I prefer to be optimistic. AI is different from traditional enterprise technology because it is not dependent on deep pockets. Small businesses and start-ups will deploy it as a foundation for growth, demonstrating that it disrupts traditional ways of organising and managing a business.
piblogger
March 2, 2026
Tim — I agree with you that a faulty operating model has been a major contributor, and ERP certainly ossified more than it transformed. And I share your optimism that AI creates an opportunity for fresh thinking — particularly outside the largest enterprises.
One dynamic that may accelerate that shift is the SME segment. Unlike previous technology waves, many small and mid-sized businesses now have the financial and technical access to engage directly with AI-native ProcureTech providers. That changes the competitive math.
It reminds me somewhat of the MAI Basic Four and Industry Specific Applications era. The disruption didn’t begin by replacing the dominant players at the top — it began by serving segments the incumbents weren’t structurally designed to prioritize. Over time, that shifted the center of gravity.
The open question is whether large enterprises will use AI to redesign their operating models intentionally — or whether the redesign will happen externally first, driven by smaller, more adaptive organizations.
AI absolutely can generate different results. But history suggests that whether it does depends less on the technology and more on whether leaders are willing to change the operating model before scale locks it in again.
tcummins
March 2, 2026
We are seeing positive examples where large corporates not only ‘get it’. but are taking action. I’m enthused by some of what I see and hear – and we will be reporting on it as much as confidentiality allows us. The fear is always that internal resistance will derail the intent: management structures and functional interests have a remarkable ability to resist, even when it damages their own long-term interests.
piblogger
March 2, 2026
Tim — I’m encouraged to hear this, and I agree that it’s important to document the cases where large organizations not only understand the issue but are acting on it. Those examples matter, especially because they demonstrate that scale itself is not the barrier.
Your caution about internal resistance is well placed — and I’d go a step further. In my experience, that resistance is rarely irrational or malicious. It’s usually structural. Management layers and functional interests resist because the operating model was never designed to redistribute judgment, accountability, and consequence safely. When those elements are ambiguous, self-protection becomes a rational response, even if it undermines long-term outcomes.
This is where I think the real distinction lies between intent and durability. Many organizations genuinely want to change. Fewer have redesigned governance, decision rights, and escalation paths deeply enough for that intent to survive contact with operating pressure. When resistance appears, it’s often treated as a cultural problem — but more often it’s a signal that the structure hasn’t been made fit for the change it’s being asked to carry.
The positive cases you’re seeing, I suspect, are the ones where leaders anticipated this dynamic early — not just by sponsoring AI or transformation initiatives, but by explicitly redesigning the operating model so that distributed judgment could function without penalizing the people expected to exercise it.

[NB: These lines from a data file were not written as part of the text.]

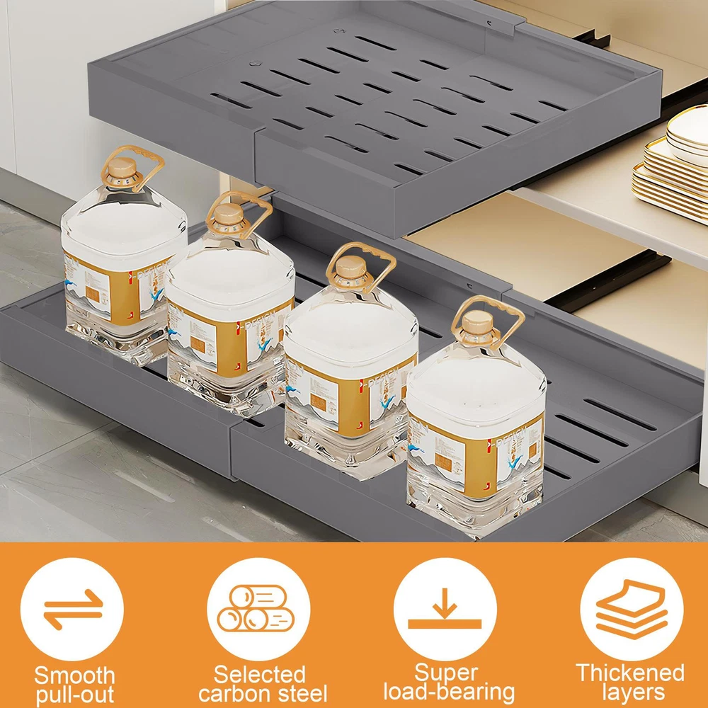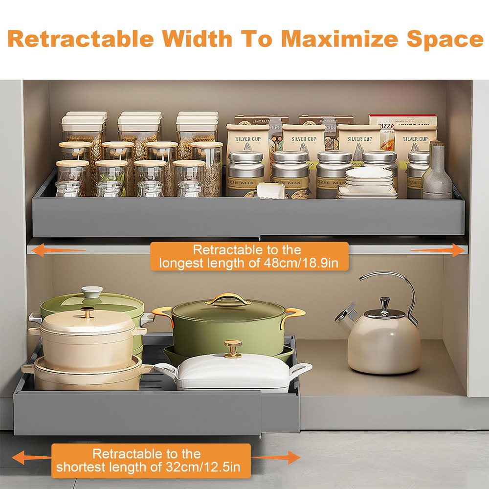 Pull Out Cabinet Organizer Expandable Drawer Storage Heavy Duty Slide out Drawer Bullet Points: Adjustable Kitchen Storage: Seamlessly expanding from 32 to 48cm in width, this 7cm high, 42cm deep slide-out drawer adapts to your cabinet dimensions, enhancing kitchen storage efficiency. Effortless Convenience: Raise your cabinet storage game with our Pull Out Cabinet Organizer featuring a damping slide rail for silent, smooth operation. Enjoy a pleasant user experience with the quiet and jam-free slide-out drawer, ensuring effortless accessibility every time. Robust Load-Bearing: Seamlessly store heavy kitchen must-haves with ease, as our Pull Out Cabinet Organizer, featuring a robust three-track system, supports up to 65 pounds. Easy to Mount: Effortlessly set up your Pull Out Cabinet Organizer with clear instructions and provided screws or adhesives. No tools required: quick and easy. More Functions: Transform your kitchen space with our innovative pull-out cabinet organizer. Effortlessly store and organize cookware, frying pans, cleaning products, canned goods, and kitchen gadgets with ease. Organize your cabinets with ease using our Pull Out Cabinet Organizer! Our expandable system fits a variety of cabinet sizes while the damping slide rail ensures smooth and quiet operation. With a high load-bearing capacity, this organizer can handle even your heaviest items. Specifications: Product name: Adjustable cabinet slide-out drawer Color: grey Product size: about 42x32x7cm/16.54x12.6x2.76 inches Width extension size: about 32-48cm/12.6-18.9 inches Weight: about 5000g Load bearing: about 30kg Fixed method: strong solid adhesive strip Applicable scenarios: kitchen cabinets, etc. Storage: cookware, frying pans, small kitchen utensils, cleaning products, canned food and other items, etc. Packing List: 2 * retractable drawers 4 * fixing strips 1 * instruction manual 2 * screws 1* tool Note: Due to different lighting and screen settings, the item color may be slightly different from the picture. Due to different manual measurements, please allow a 1-2cm difference in size. We accept PayPal payment,PayPal Credit,Credit card or debit card and so on. Payment should be completed within 4 (Four) days of auction closing. Or unpaid dispute will be filed for closing auction. We will leave a positive feedback immediately after payment is received. We appreciate a positive feedback as much as you do. If for some reason there is any issue with the purchase, please contact us prior to leaving feedback, we will be glad to work together and provide a satisfying solution. 1. We ship to your eBay address. Each package will be shipped via FedEx or UPS 2-8 business days with tracking number 2. Please check your shipping address carefully before checkout, it can't be changed if order completed. 3. Shipping within 1 business days once payment completed. Orders placed on weekend will be delay 1-2 days. 4. Please allow 6 business days for delivery to any destinations. 5. As a buyer, it is your duty to pay the tax when you make an order from abroad. Our price does not include taxes, VAT, or other hidden charges. 1. We maintain high standards of excellence FIVE STAR and strive for 100% customer satisfaction! 2. Positive Feedback is very important to us. We hope that you contact us immediately BEFORE you give us neutral or negative feedback, so that we can satisfactorily address your concerns. 3. We promise to offer the best price and high quality products. 1. If you have any questions, please send a ebay message. 2. We will reply within 48 hours of your email. Weekend will be delayed a bit.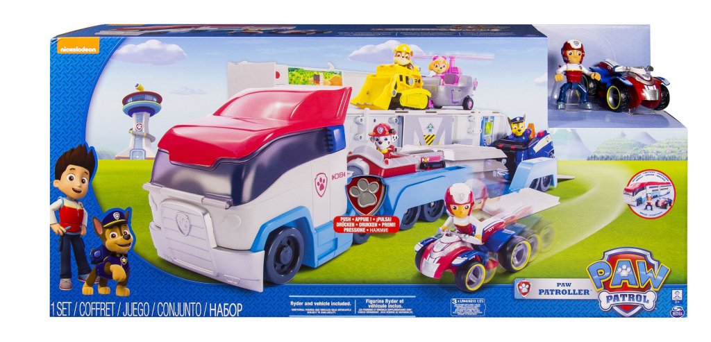 Kuorma-autolla PAW Patroller Riku ja koirat ovat valmiina seikkailuun. PAW Patrollerissa on tilaa 4 Ryhmä Hau -figuurille ja kolmelle ajoneuvolle. Kun PAW Patroller on auki niin siellä on tilaa kuudelle ajoneuvolle. Kuorma-autossa on hissi jolla he voivat nousta ylös ajoneuvojen valvontakeskukseen. Painamalla tassu-symbolia, tekee kuorma-auto ääniä PAW Patrol -sarjasta.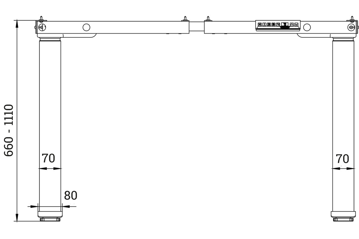 Elektrisch höhenverstellbares Tischgestell, Auffahrschutz, dynamische Belastung bis 450 kg, Hubgeschwindigkeit 17 mm/s. Handsteuerung: Eingangsspannung 220 - 240 V, inkl. Überlastungsschutz, max. 2 min on, 18 min off, energiesparend mit automatischer Abschaltung, Anzeige digital, 3 Speicherplätze, USB-A Ladefunktion. Inkl. Montageanleitung und Montagematerial, ohne Tischplatte.

If that’s right, then resistance isn’t the enemy — it’s the early warning system. The organizations that listen to it diagnostically have a chance to convert intent into sustained outcomes. The ones that don’t tend to rediscover, once again, that evidence alone doesn’t change behavior — until the structure makes it safe to do so. I suspect this is also why many AI initiatives that succeed in pilot form never gain wider enterprise adoption.